» **ACTION ITEM**: Could you transcribe exactly the lines below, from the line with "此次活动邀请到了黑龙江省教学" through the line with "Oath of office", and nothing else, leaving out the pictures?

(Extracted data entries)

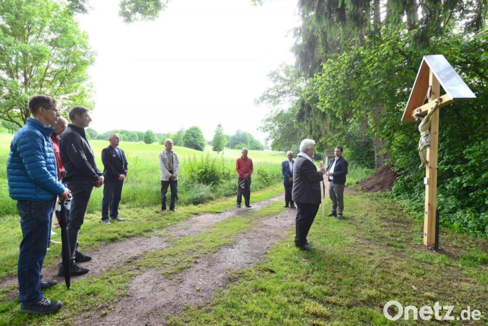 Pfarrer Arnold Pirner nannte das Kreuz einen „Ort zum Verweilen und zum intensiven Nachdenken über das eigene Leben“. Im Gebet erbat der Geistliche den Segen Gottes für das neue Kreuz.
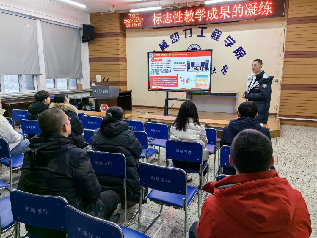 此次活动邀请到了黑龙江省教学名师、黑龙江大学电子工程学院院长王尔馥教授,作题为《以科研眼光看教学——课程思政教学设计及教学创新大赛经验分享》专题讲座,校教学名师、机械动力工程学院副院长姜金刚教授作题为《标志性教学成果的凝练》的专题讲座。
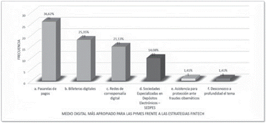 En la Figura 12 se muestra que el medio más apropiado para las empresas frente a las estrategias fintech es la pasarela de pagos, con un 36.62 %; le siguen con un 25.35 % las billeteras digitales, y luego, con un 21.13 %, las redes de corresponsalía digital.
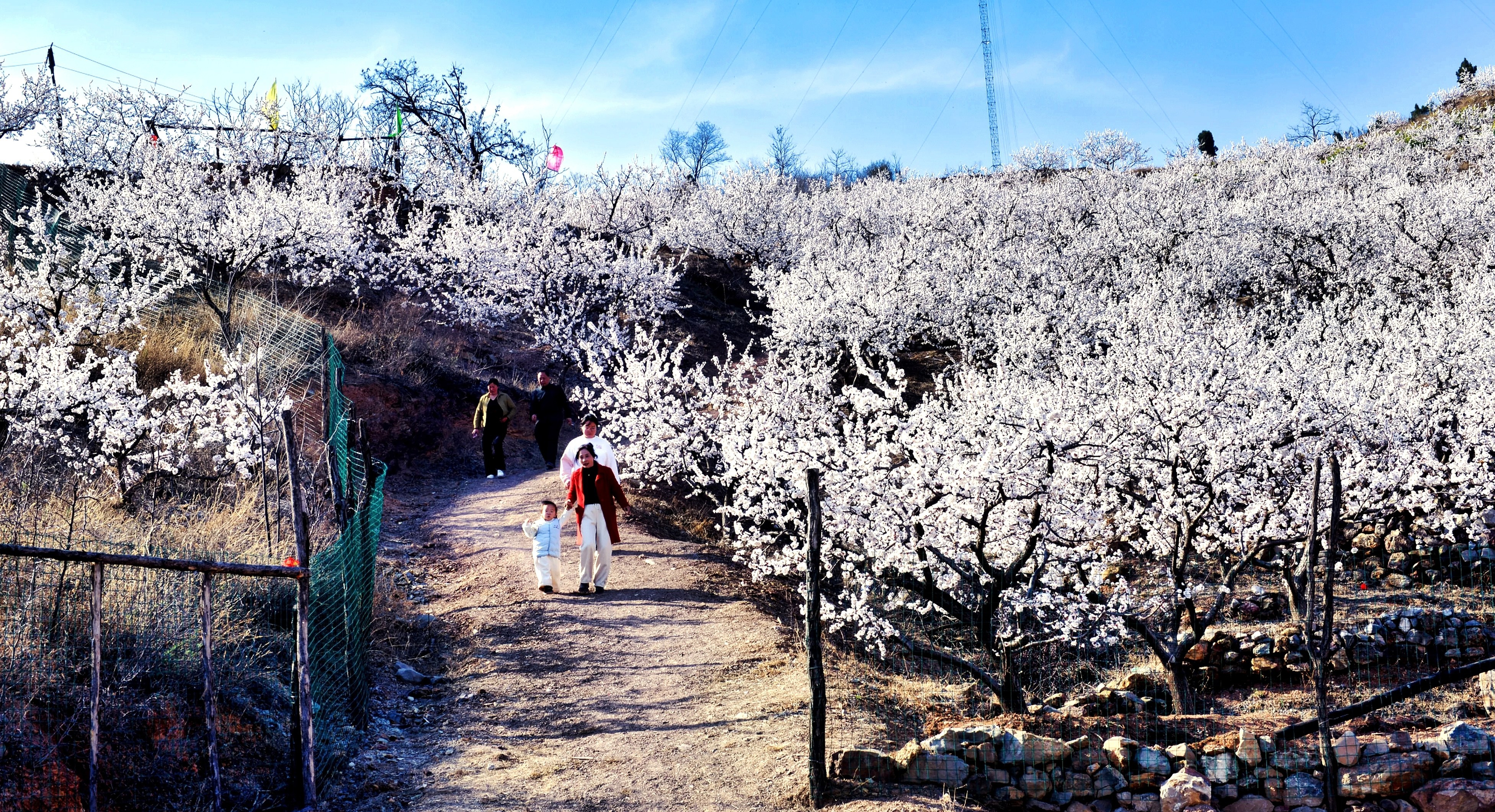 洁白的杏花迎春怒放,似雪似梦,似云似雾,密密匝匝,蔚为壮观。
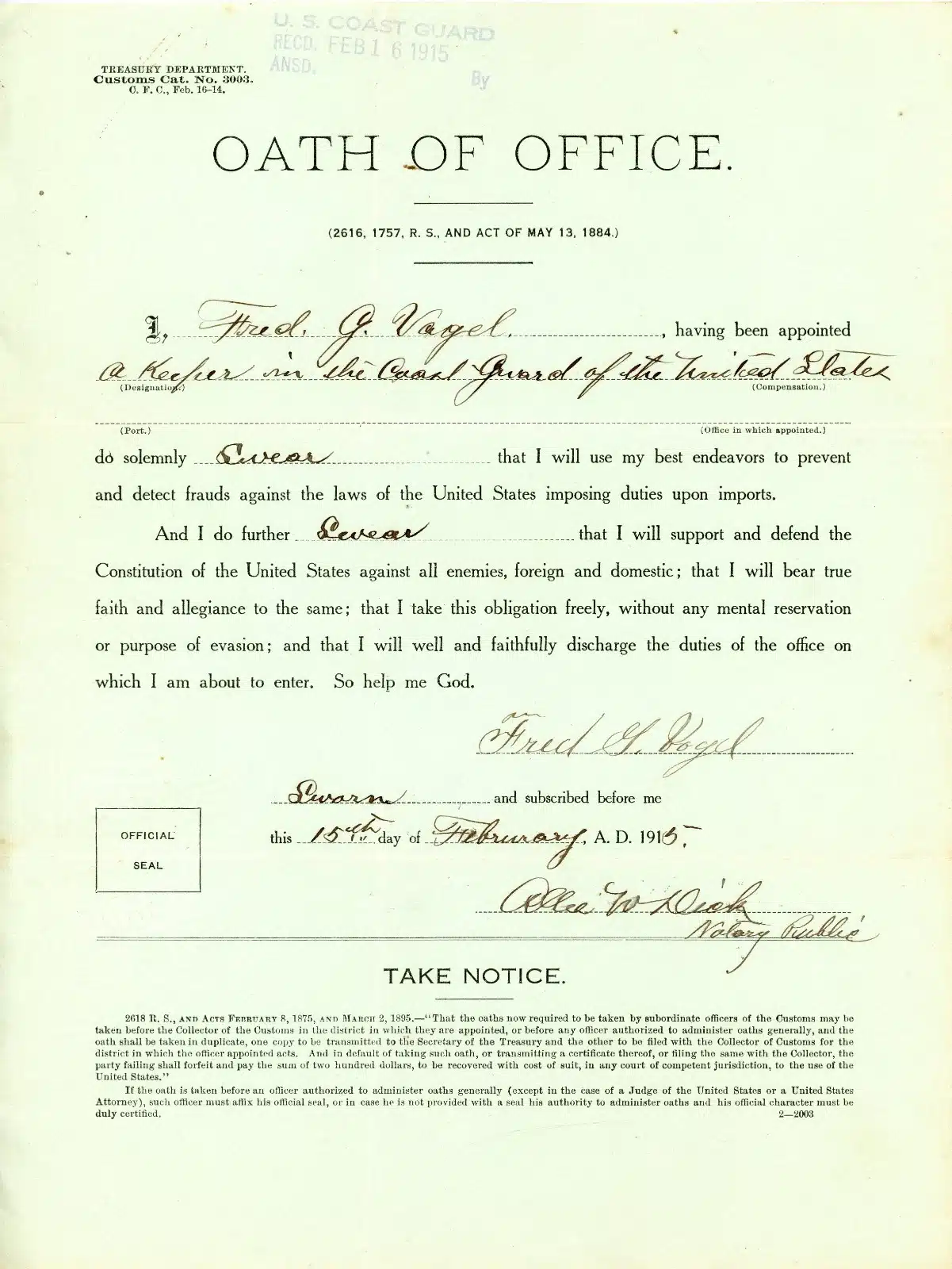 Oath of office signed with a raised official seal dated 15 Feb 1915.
--
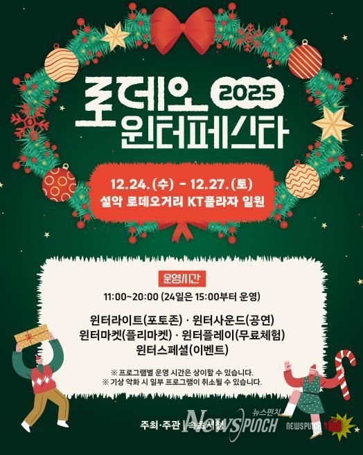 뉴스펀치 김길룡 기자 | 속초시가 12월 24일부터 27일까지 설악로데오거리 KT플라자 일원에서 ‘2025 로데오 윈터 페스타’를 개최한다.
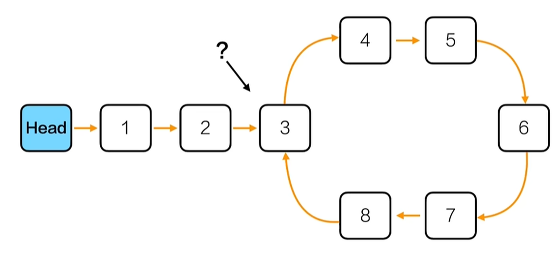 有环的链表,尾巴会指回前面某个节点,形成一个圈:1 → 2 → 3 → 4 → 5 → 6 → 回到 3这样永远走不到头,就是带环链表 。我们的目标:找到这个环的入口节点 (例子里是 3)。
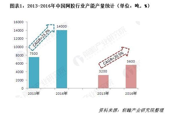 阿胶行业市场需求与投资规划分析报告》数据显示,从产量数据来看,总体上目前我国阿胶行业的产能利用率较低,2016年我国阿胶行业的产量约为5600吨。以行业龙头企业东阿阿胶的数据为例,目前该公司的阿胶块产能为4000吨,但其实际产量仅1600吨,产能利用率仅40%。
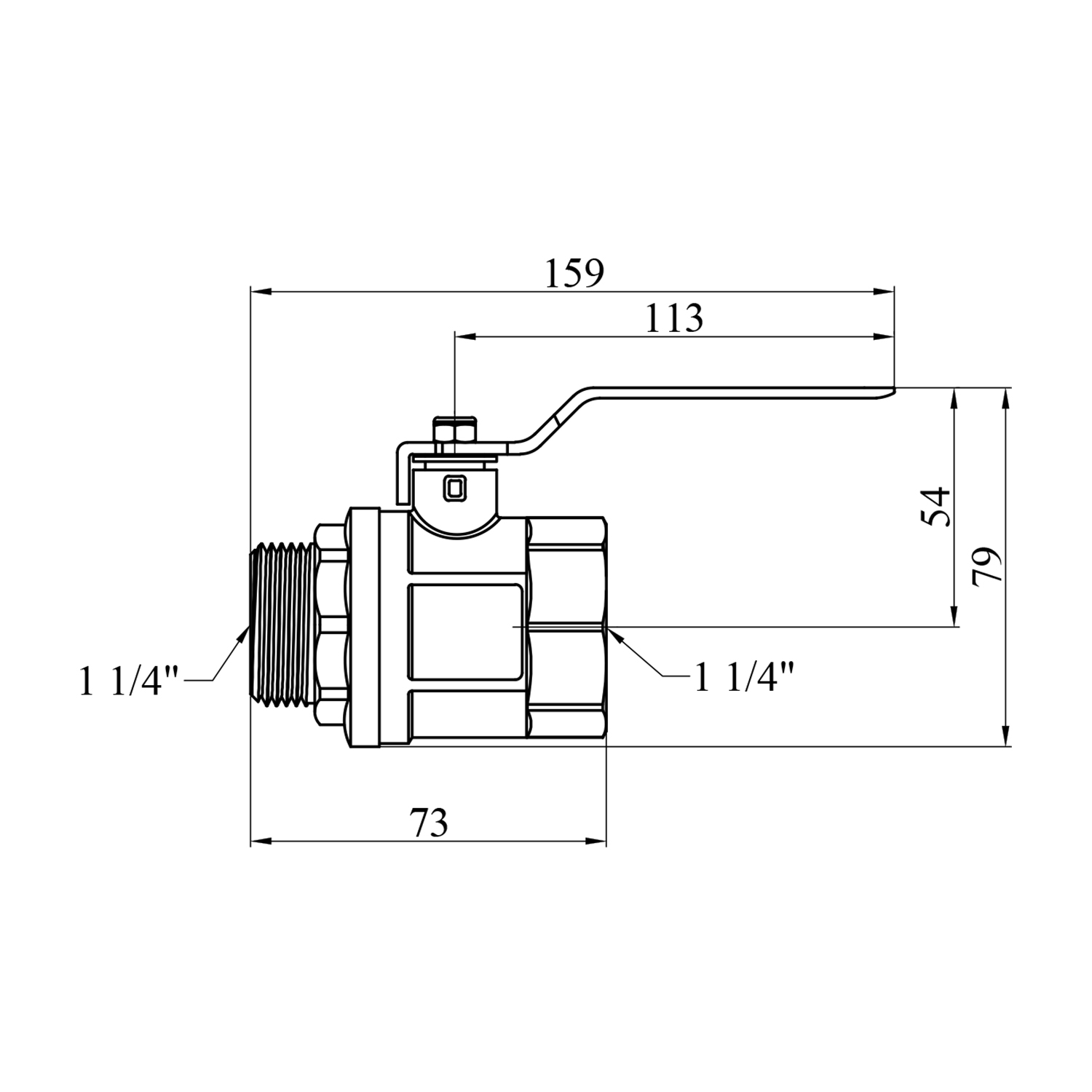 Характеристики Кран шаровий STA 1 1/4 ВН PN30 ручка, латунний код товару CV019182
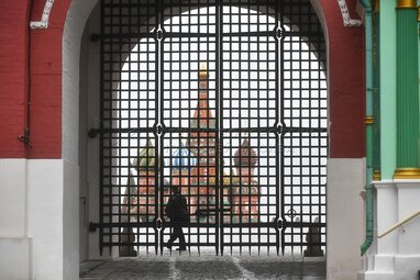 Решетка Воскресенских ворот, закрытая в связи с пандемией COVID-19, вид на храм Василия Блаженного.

» **RESPONSE**:
 此次活动邀请到了黑龙江省教学名师、黑龙江大学电子工程学院院长王尔馥教授,作题为《以科研眼光看教学——课程思政教学设计及教学创新大赛经验分享》专题讲座,校教学名师、机械动力工程学院副院长姜金刚教授作题为《标志性教学成果的凝练》的专题讲座。
 En la Figura 12 se muestra que el medio más apropiado para las empresas frente a las estrategias fintech es la pasarela de pagos, con un 36.62 %; le siguen con un 25.35 % las billeteras digitales, y luego, con un 21.13 %, las redes de corresponsalía digital.
 洁白的杏花迎春怒放,似雪似梦,似云似雾,密密匝匝,蔚为壮观。
 Oath of office signed with a raised official seal dated 15 Feb 1915.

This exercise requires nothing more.